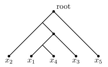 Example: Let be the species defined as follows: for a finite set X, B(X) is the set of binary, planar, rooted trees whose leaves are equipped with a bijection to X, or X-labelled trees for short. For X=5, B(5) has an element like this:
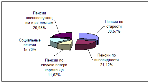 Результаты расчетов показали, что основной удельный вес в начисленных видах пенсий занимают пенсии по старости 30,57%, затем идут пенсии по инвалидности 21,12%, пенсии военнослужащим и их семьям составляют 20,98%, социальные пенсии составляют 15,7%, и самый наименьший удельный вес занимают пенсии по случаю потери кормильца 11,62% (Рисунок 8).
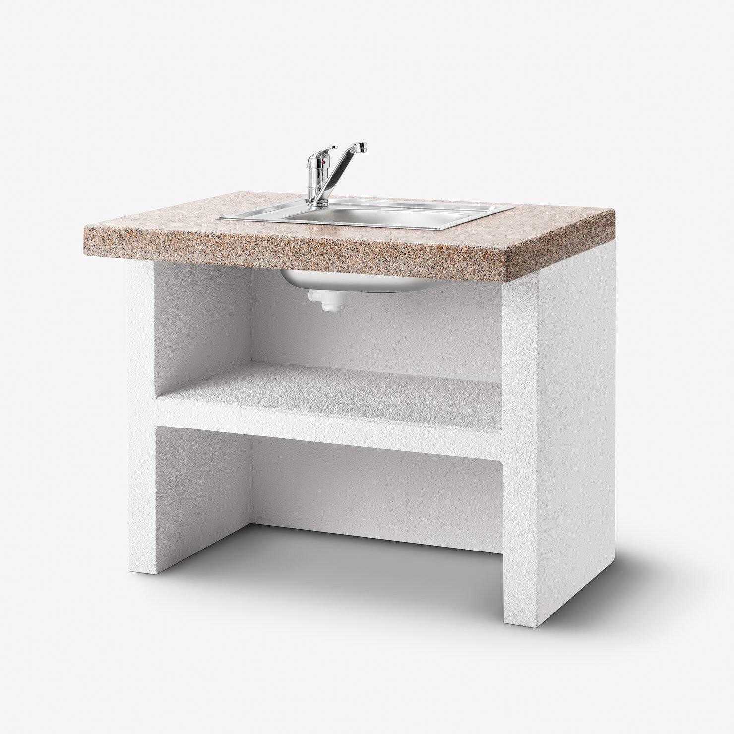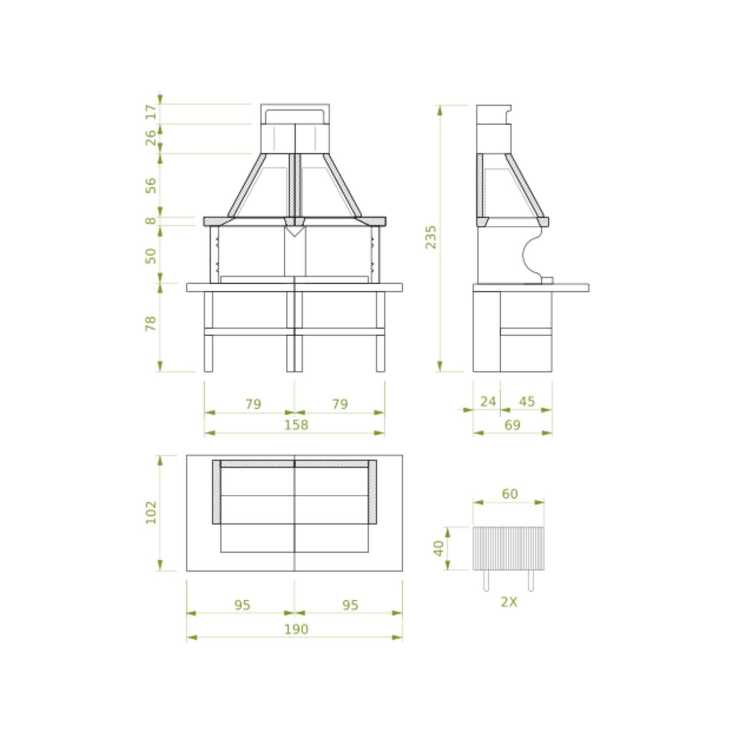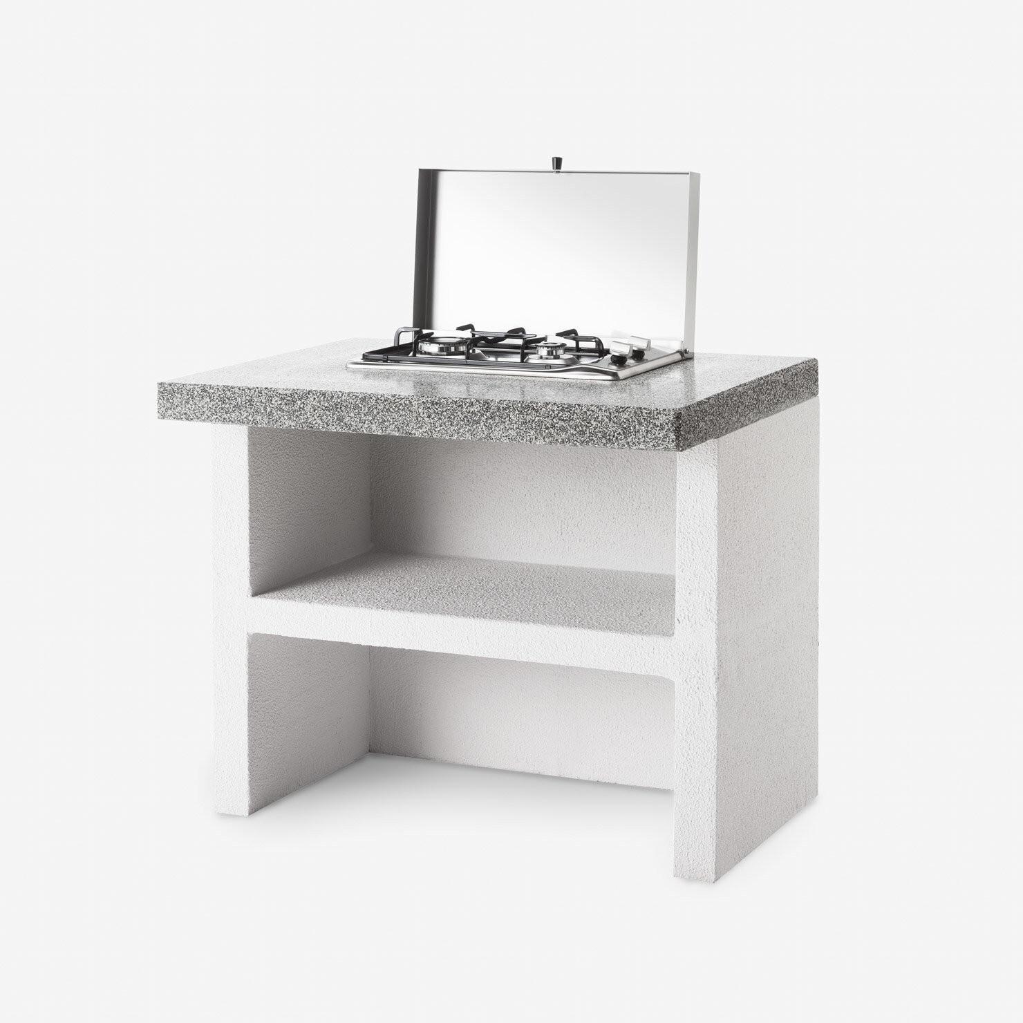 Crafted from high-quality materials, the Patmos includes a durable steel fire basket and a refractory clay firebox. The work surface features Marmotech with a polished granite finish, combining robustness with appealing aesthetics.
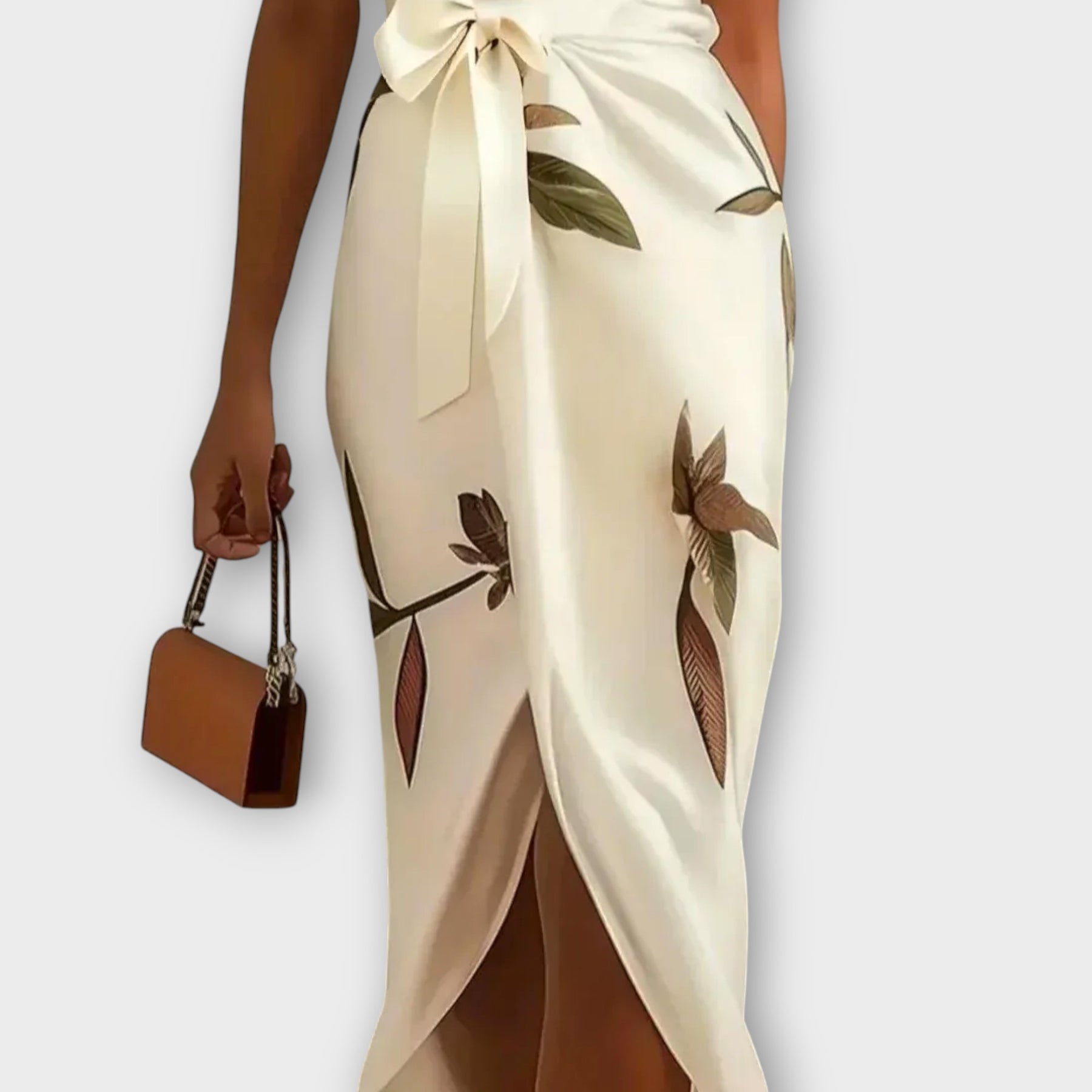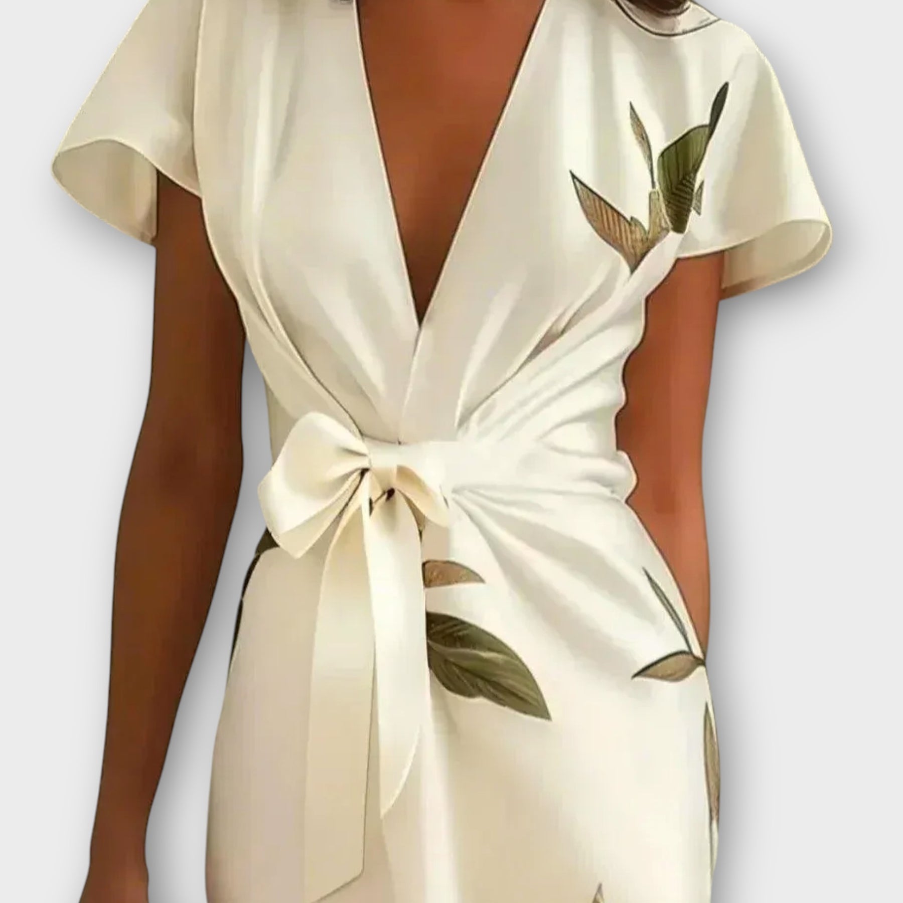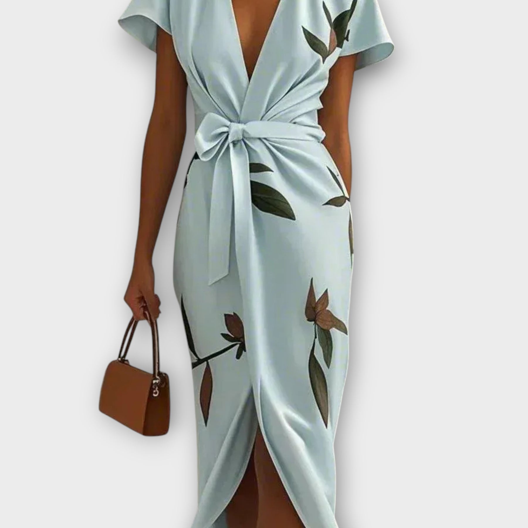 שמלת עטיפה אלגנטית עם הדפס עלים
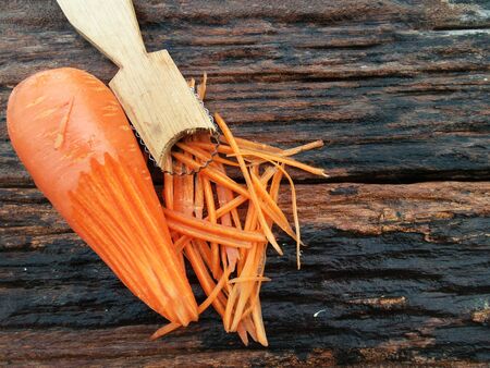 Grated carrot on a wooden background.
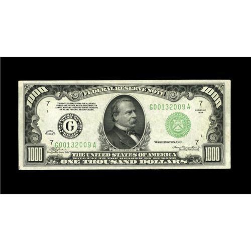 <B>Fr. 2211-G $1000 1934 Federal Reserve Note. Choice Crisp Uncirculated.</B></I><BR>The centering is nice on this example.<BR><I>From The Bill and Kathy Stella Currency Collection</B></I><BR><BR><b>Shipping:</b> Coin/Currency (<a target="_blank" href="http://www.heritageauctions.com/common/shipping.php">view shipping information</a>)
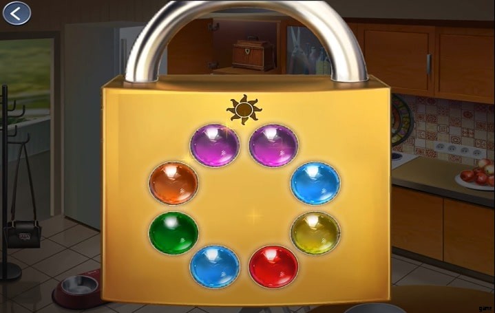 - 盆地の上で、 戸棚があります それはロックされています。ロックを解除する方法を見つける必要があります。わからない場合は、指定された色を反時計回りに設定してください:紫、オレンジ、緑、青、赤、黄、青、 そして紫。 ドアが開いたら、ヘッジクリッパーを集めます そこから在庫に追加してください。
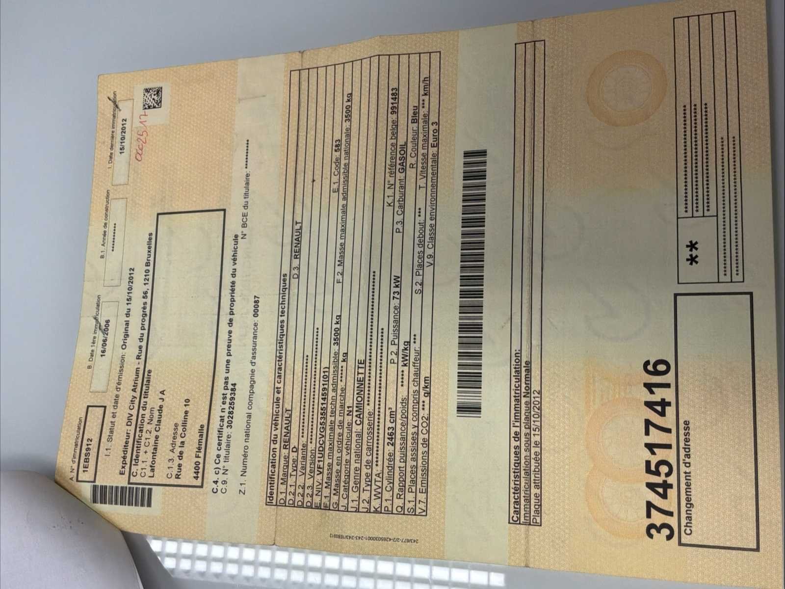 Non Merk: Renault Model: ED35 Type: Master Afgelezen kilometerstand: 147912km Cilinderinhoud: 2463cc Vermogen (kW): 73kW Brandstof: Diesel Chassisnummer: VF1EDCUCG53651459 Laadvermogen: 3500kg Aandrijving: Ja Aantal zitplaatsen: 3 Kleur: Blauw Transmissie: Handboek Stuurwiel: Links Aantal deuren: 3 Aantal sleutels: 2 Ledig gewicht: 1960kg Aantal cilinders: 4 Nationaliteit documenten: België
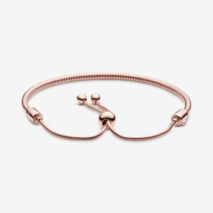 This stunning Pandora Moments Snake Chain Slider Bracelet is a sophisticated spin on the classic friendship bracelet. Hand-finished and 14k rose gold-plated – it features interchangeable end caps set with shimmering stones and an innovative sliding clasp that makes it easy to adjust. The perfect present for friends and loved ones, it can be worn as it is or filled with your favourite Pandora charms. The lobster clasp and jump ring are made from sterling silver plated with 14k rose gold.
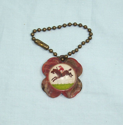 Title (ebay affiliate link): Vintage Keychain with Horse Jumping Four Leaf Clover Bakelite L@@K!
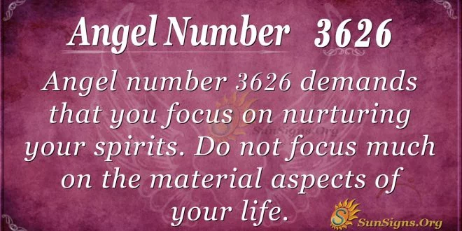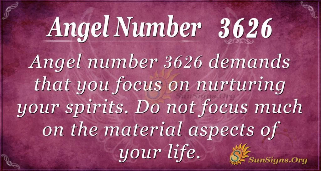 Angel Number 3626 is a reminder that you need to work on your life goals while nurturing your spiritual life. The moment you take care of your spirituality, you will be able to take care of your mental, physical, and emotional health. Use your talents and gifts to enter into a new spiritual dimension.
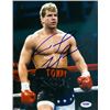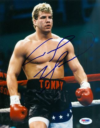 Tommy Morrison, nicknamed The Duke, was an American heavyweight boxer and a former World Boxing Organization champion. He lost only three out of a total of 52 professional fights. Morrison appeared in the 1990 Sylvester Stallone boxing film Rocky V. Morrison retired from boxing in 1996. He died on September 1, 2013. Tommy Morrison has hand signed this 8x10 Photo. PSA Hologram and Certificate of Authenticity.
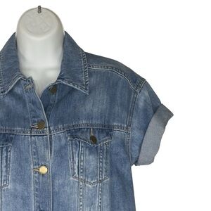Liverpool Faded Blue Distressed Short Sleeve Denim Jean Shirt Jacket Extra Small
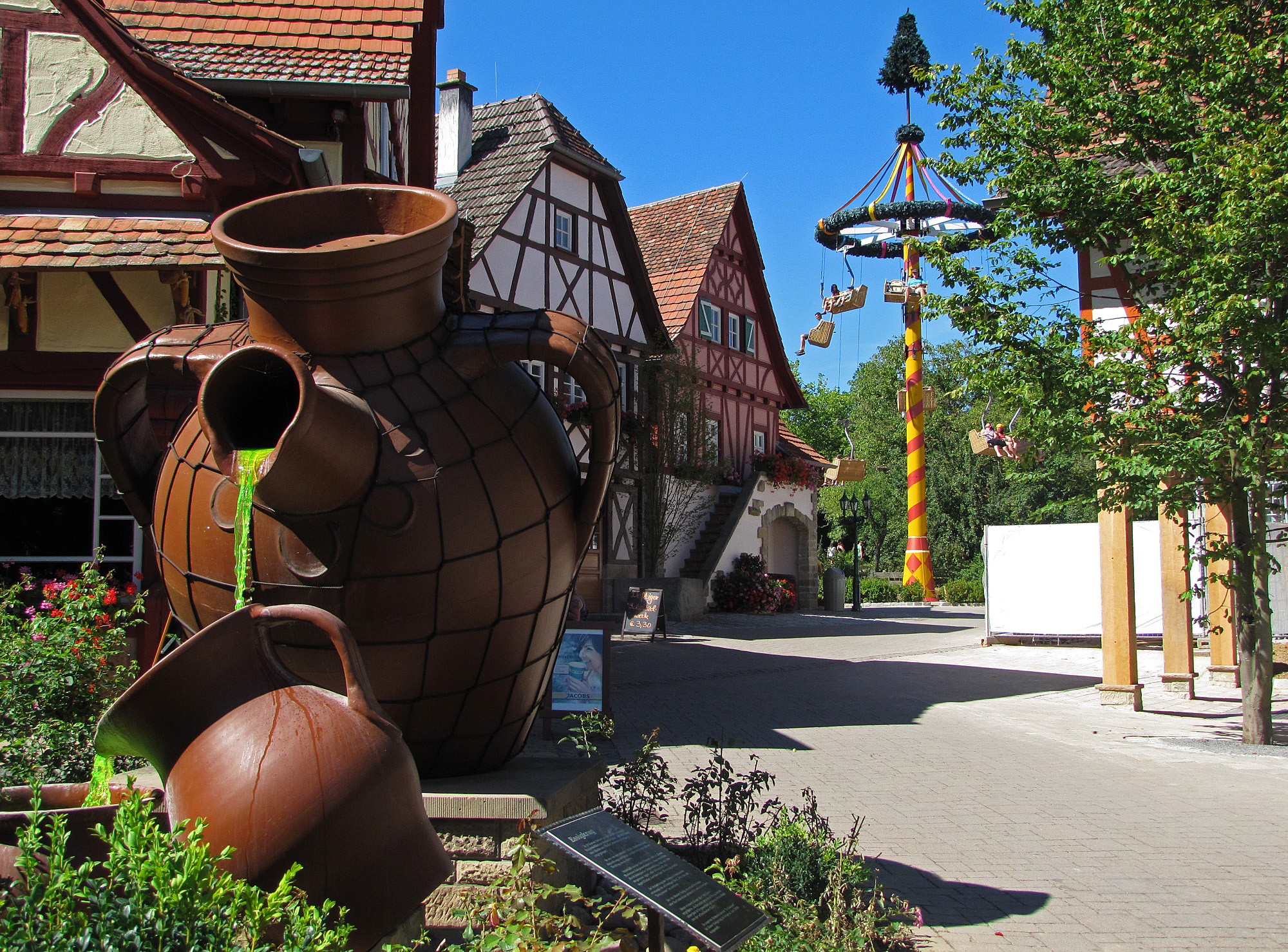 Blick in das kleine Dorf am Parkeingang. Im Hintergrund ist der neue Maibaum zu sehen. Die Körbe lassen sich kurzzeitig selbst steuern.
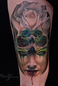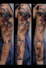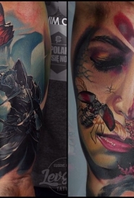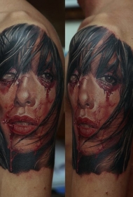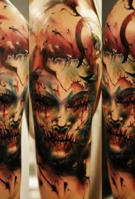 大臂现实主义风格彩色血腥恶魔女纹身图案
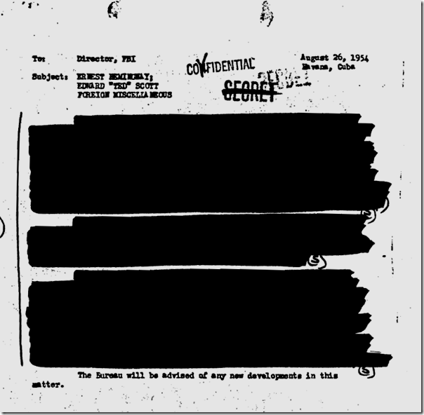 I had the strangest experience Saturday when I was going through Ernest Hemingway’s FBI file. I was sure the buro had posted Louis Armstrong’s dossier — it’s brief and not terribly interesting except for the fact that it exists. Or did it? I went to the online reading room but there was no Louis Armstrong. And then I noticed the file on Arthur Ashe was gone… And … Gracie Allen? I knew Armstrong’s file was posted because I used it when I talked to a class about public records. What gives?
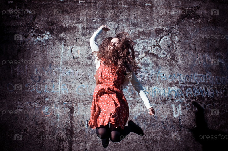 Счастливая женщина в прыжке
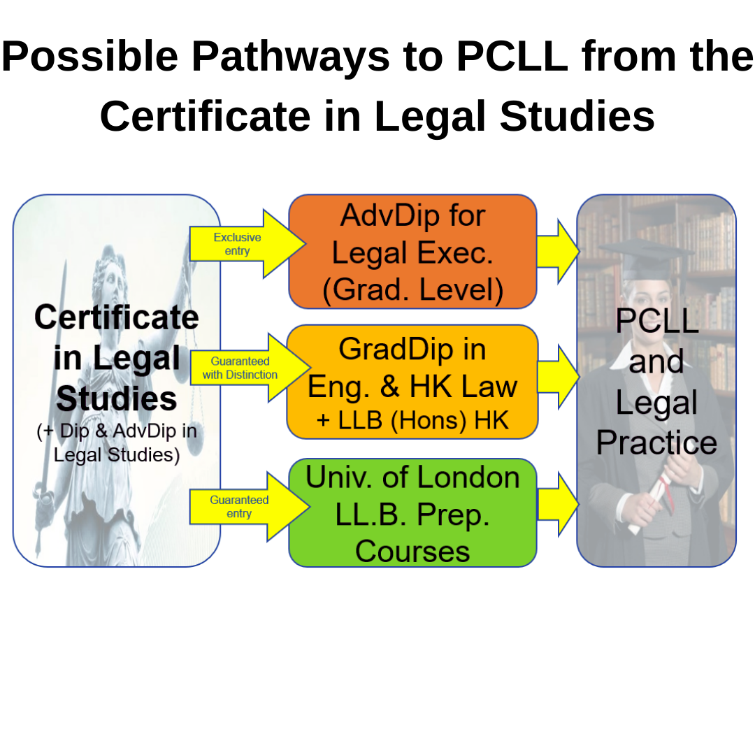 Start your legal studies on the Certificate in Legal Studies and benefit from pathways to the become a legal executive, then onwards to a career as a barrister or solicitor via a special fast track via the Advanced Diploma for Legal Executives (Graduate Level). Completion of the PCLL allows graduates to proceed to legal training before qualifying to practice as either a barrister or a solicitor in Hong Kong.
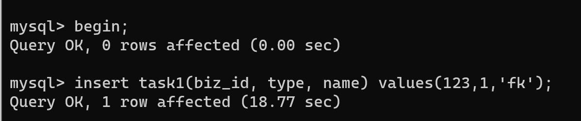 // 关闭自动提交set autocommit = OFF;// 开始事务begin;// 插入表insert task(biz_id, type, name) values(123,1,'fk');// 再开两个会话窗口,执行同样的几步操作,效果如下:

▸ THE TASK
A faithful copy of all the data above, without its pictures, is the expected result.

▸ YOUR RESPONSE
 Example: Let be the species defined as follows: for a finite set X, B(X) is the set of binary, planar, rooted trees whose leaves are equipped with a bijection to X, or X-labelled trees for short. For X=5, B(5) has an element like this:
 Результаты расчетов показали, что основной удельный вес в начисленных видах пенсий занимают пенсии по старости 30,57%, затем идут пенсии по инвалидности 21,12%, пенсии военнослужащим и их семьям составляют 20,98%, социальные пенсии составляют 15,7%, и самый наименьший удельный вес занимают пенсии по случаю потери кормильца 11,62% (Рисунок 8).
 Crafted from high-quality materials, the Patmos includes a durable steel fire basket and a refractory clay firebox. The work surface features Marmotech with a polished granite finish, combining robustness with appealing aesthetics.
 שמלת עטיפה אלגנטית עם הדפס עלים
 Grated carrot on a wooden background.
 <B>Fr. 2211-G $1000 1934 Federal Reserve Note. Choice Crisp Uncirculated.</B></I><BR>The centering is nice on this example.<BR><I>From The Bill and Kathy Stella Currency Collection</B></I><BR><BR><b>Shipping:</b> Coin/Currency (<a target="_blank" href="http://www.heritageauctions.com/common/shipping.php">view shipping information</a>)
 - 盆地の上で、 戸棚があります それはロックされています。ロックを解除する方法を見つける必要があります。わからない場合は、指定された色を反時計回りに設定してください:紫、オレンジ、緑、青、赤、黄、青、 そして紫。 ドアが開いたら、ヘッジクリッパーを集めます そこから在庫に追加してください。
 Non Merk: Renault Model: ED35 Type: Master Afgelezen kilometerstand: 147912km Cilinderinhoud: 2463cc Vermogen (kW): 73kW Brandstof: Diesel Chassisnummer: VF1EDCUCG53651459 Laadvermogen: 3500kg Aandrijving: Ja Aantal zitplaatsen: 3 Kleur: Blauw Transmissie: Handboek Stuurwiel: Links Aantal deuren: 3 Aantal sleutels: 2 Ledig gewicht: 1960kg Aantal cilinders: 4 Nationaliteit documenten: België
 This stunning Pandora Moments Snake Chain Slider Bracelet is a sophisticated spin on the classic friendship bracelet. Hand-finished and 14k rose gold-plated – it features interchangeable end caps set with shimmering stones and an innovative sliding clasp that makes it easy to adjust. The perfect present for friends and loved ones, it can be worn as it is or filled with your favourite Pandora charms. The lobster clasp and jump ring are made from sterling silver plated with 14k rose gold.
 Title (ebay affiliate link): Vintage Keychain with Horse Jumping Four Leaf Clover Bakelite L@@K!
 Angel Number 3626 is a reminder that you need to work on your life goals while nurturing your spiritual life. The moment you take care of your spirituality, you will be able to take care of your mental, physical, and emotional health. Use your talents and gifts to enter into a new spiritual dimension.
 Tommy Morrison, nicknamed The Duke, was an American heavyweight boxer and a former World Boxing Organization champion. He lost only three out of a total of 52 professional fights. Morrison appeared in the 1990 Sylvester Stallone boxing film Rocky V. Morrison retired from boxing in 1996. He died on September 1, 2013. Tommy Morrison has hand signed this 8x10 Photo. PSA Hologram and Certificate of Authenticity.
Liverpool Faded Blue Distressed Short Sleeve Denim Jean Shirt Jacket Extra Small
 Blick in das kleine Dorf am Parkeingang. Im Hintergrund ist der neue Maibaum zu sehen. Die Körbe lassen sich kurzzeitig selbst steuern.
 大臂现实主义风格彩色血腥恶魔女纹身图案
 I had the strangest experience Saturday when I was going through Ernest Hemingway’s FBI file. I was sure the buro had posted Louis Armstrong’s dossier — it’s brief and not terribly interesting except for the fact that it exists. Or did it? I went to the online reading room but there was no Louis Armstrong. And then I noticed the file on Arthur Ashe was gone… And … Gracie Allen? I knew Armstrong’s file was posted because I used it when I talked to a class about public records. What gives?
 Счастливая женщина в прыжке
 Start your legal studies on the Certificate in Legal Studies and benefit from pathways to the become a legal executive, then onwards to a career as a barrister or solicitor via a special fast track via the Advanced Diploma for Legal Executives (Graduate Level). Completion of the PCLL allows graduates to proceed to legal training before qualifying to practice as either a barrister or a solicitor in Hong Kong.
 // 关闭自动提交set autocommit = OFF;// 开始事务begin;// 插入表insert task(biz_id, type, name) values(123,1,'fk');// 再开两个会话窗口,执行同样的几步操作,效果如下:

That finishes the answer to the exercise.